**INSTRUCTIONS TO FOLLOW:** Print the entries that appear below, exactly as written and without their pictures.

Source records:

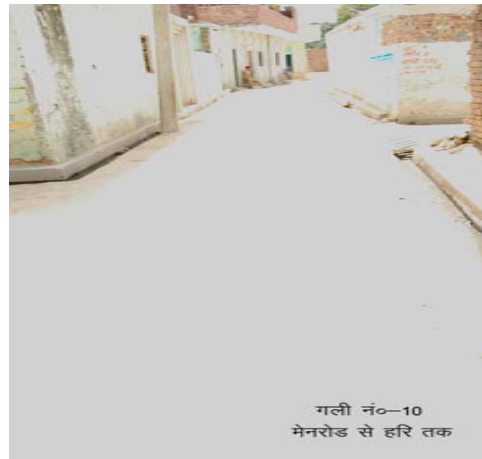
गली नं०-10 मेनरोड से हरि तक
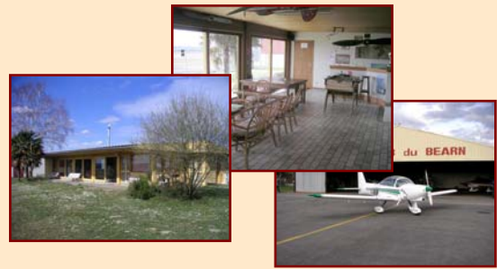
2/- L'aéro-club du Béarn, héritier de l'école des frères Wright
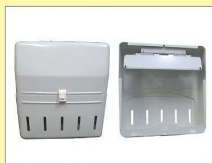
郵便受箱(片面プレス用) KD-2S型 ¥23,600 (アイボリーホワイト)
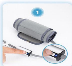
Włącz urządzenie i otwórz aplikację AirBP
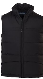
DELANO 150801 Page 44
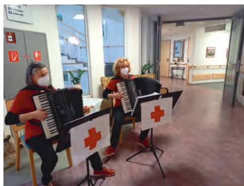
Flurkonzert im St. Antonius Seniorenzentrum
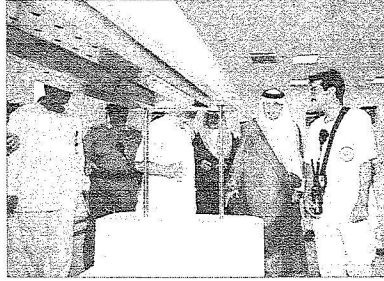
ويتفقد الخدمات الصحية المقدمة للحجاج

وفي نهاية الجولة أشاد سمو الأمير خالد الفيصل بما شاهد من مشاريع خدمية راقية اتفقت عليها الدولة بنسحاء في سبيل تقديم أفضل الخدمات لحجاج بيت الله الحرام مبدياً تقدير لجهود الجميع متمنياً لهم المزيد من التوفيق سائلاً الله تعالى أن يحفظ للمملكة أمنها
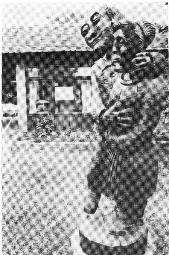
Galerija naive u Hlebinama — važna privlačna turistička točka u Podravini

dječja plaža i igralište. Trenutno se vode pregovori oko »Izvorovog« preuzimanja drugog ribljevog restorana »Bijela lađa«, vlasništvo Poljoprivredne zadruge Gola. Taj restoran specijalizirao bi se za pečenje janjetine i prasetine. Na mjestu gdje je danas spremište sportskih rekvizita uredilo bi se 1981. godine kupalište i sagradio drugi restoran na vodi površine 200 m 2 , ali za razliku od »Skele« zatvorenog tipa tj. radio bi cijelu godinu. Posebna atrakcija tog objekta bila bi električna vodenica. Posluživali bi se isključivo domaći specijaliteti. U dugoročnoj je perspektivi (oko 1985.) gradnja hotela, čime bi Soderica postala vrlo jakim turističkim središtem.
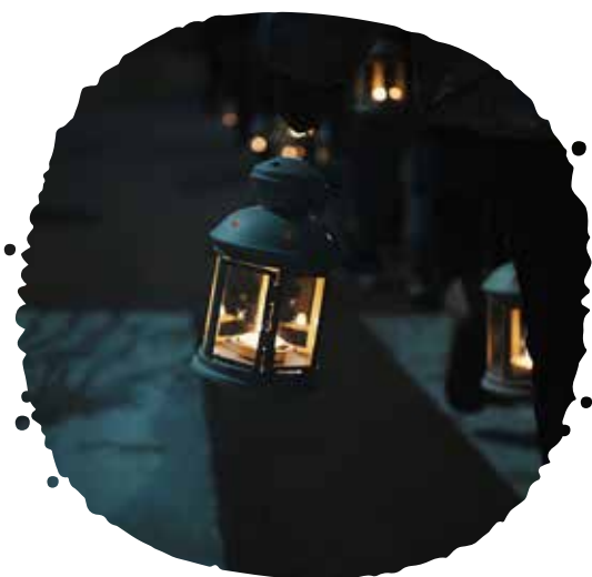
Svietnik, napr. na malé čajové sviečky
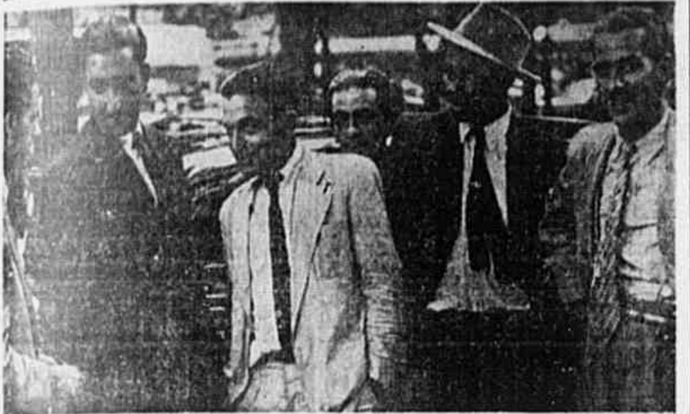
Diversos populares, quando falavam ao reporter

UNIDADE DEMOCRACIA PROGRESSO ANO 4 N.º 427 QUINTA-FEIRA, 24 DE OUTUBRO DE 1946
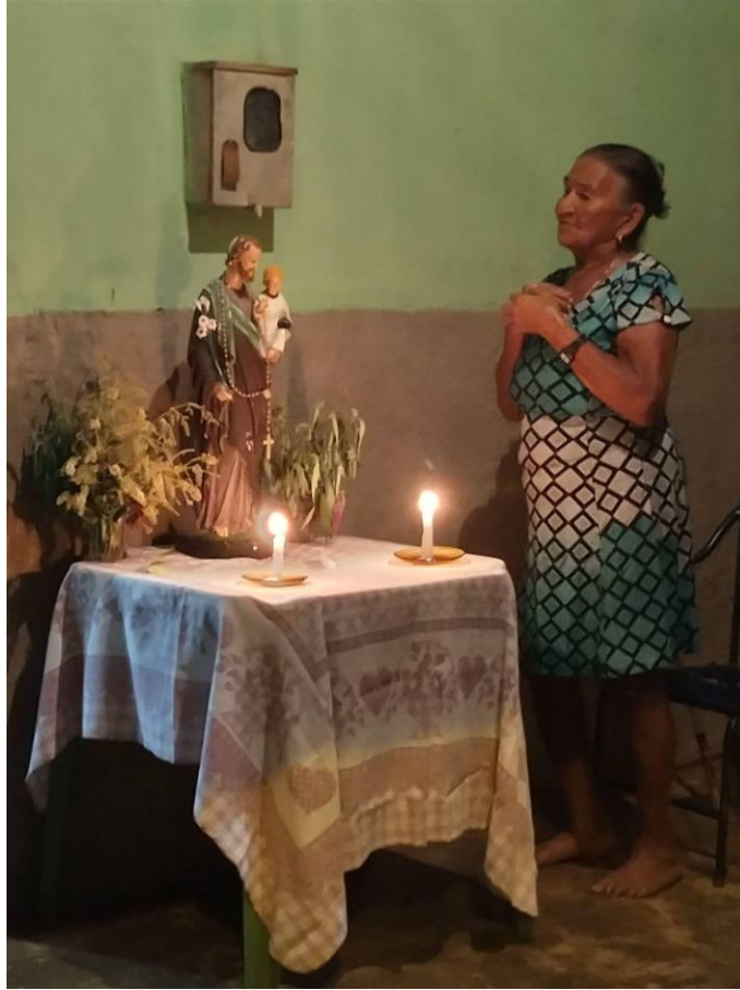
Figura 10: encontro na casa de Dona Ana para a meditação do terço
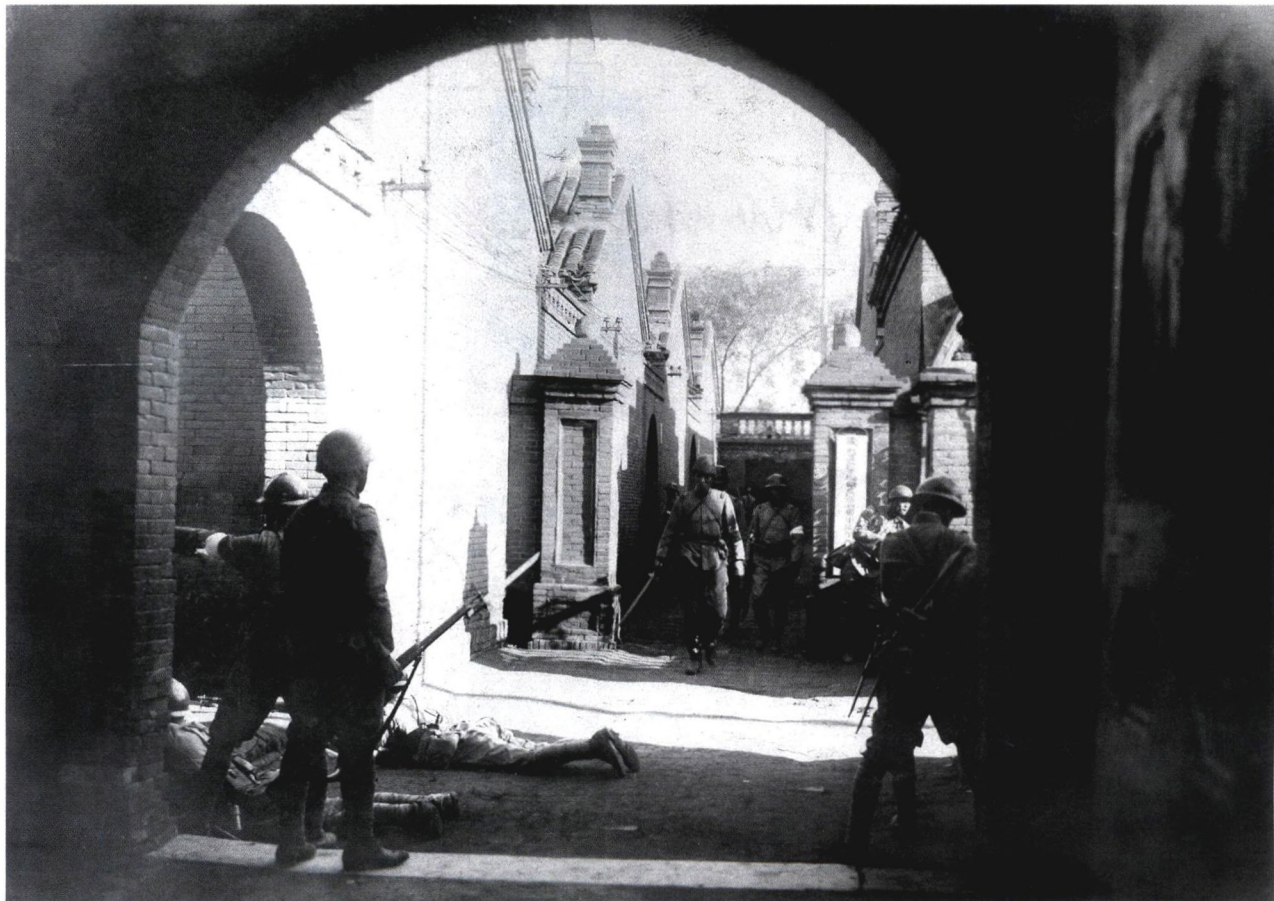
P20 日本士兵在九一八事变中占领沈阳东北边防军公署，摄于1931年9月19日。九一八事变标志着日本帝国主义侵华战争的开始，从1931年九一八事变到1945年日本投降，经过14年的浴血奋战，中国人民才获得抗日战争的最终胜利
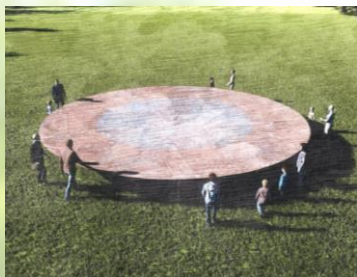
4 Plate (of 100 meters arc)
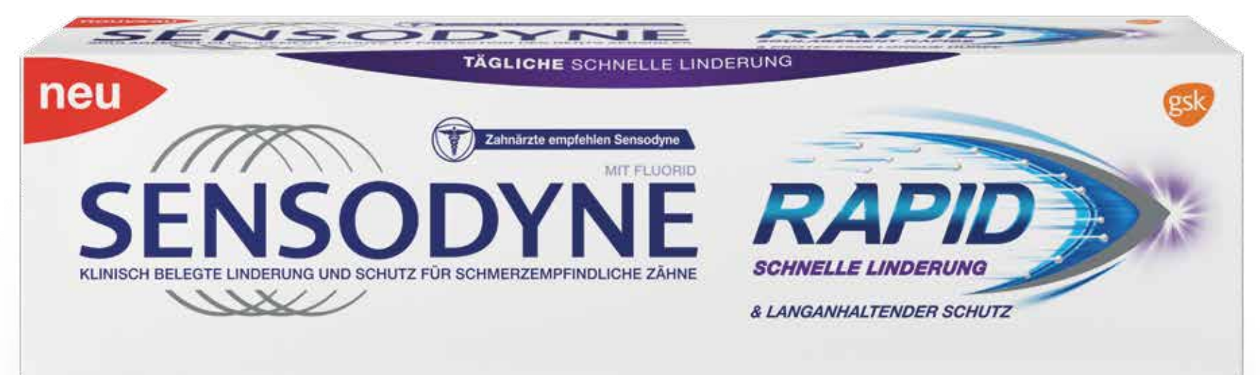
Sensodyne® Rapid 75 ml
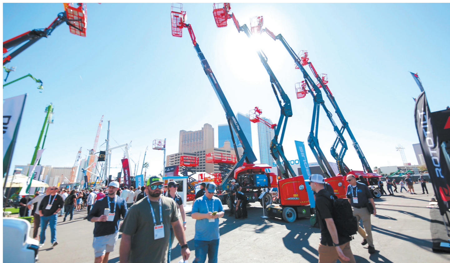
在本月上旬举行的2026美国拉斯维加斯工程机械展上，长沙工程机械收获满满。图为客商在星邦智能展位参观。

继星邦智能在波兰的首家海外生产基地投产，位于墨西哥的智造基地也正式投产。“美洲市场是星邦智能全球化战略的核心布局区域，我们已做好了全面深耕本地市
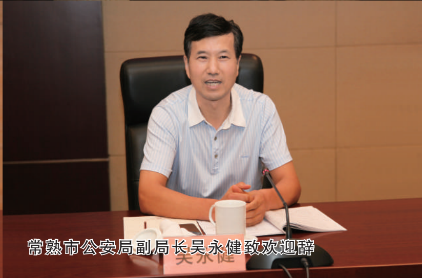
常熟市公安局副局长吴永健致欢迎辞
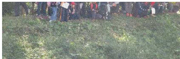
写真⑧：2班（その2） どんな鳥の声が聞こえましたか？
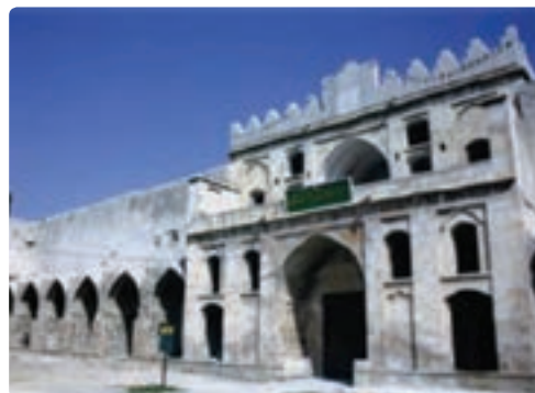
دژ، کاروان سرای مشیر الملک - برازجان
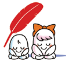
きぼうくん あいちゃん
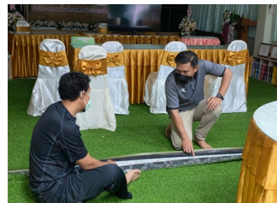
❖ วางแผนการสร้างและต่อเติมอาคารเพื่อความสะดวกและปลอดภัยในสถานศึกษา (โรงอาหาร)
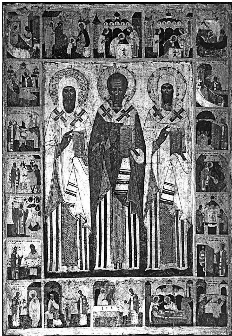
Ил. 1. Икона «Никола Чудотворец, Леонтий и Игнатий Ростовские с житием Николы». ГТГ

**RESULT:**
गली नं०-10 मेनरोड से हरि तक
2/- L'aéro-club du Béarn, héritier de l'école des frères Wright
郵便受箱(片面プレス用) KD-2S型 ¥23,600 (アイボリーホワイト)
Włącz urządzenie i otwórz aplikację AirBP
DELANO 150801 Page 44
Flurkonzert im St. Antonius Seniorenzentrum
ويتفقد الخدمات الصحية المقدمة للحجاج

وفي نهاية الجولة أشاد سمو الأمير خالد الفيصل بما شاهد من مشاريع خدمية راقية اتفقت عليها الدولة بنسحاء في سبيل تقديم أفضل الخدمات لحجاج بيت الله الحرام مبدياً تقدير لجهود الجميع متمنياً لهم المزيد من التوفيق سائلاً الله تعالى أن يحفظ للمملكة أمنها
Galerija naive u Hlebinama — važna privlačna turistička točka u Podravini

dječja plaža i igralište. Trenutno se vode pregovori oko »Izvorovog« preuzimanja drugog ribljevog restorana »Bijela lađa«, vlasništvo Poljoprivredne zadruge Gola. Taj restoran specijalizirao bi se za pečenje janjetine i prasetine. Na mjestu gdje je danas spremište sportskih rekvizita uredilo bi se 1981. godine kupalište i sagradio drugi restoran na vodi površine 200 m 2 , ali za razliku od »Skele« zatvorenog tipa tj. radio bi cijelu godinu. Posebna atrakcija tog objekta bila bi električna vodenica. Posluživali bi se isključivo domaći specijaliteti. U dugoročnoj je perspektivi (oko 1985.) gradnja hotela, čime bi Soderica postala vrlo jakim turističkim središtem.
Svietnik, napr. na malé čajové sviečky
Diversos populares, quando falavam ao reporter

UNIDADE DEMOCRACIA PROGRESSO ANO 4 N.º 427 QUINTA-FEIRA, 24 DE OUTUBRO DE 1946
Figura 10: encontro na casa de Dona Ana para a meditação do terço
P20 日本士兵在九一八事变中占领沈阳东北边防军公署，摄于1931年9月19日。九一八事变标志着日本帝国主义侵华战争的开始，从1931年九一八事变到1945年日本投降，经过14年的浴血奋战，中国人民才获得抗日战争的最终胜利
4 Plate (of 100 meters arc)
Sensodyne® Rapid 75 ml
在本月上旬举行的2026美国拉斯维加斯工程机械展上，长沙工程机械收获满满。图为客商在星邦智能展位参观。

继星邦智能在波兰的首家海外生产基地投产，位于墨西哥的智造基地也正式投产。“美洲市场是星邦智能全球化战略的核心布局区域，我们已做好了全面深耕本地市
常熟市公安局副局长吴永健致欢迎辞
写真⑧：2班（その2） どんな鳥の声が聞こえましたか？
دژ، کاروان سرای مشیر الملک - برازجان
きぼうくん あいちゃん
❖ วางแผนการสร้างและต่อเติมอาคารเพื่อความสะดวกและปลอดภัยในสถานศึกษา (โรงอาหาร)
Ил. 1. Икона «Никола Чудотворец, Леонтий и Игнатий Ростовские с житием Николы». ГТГ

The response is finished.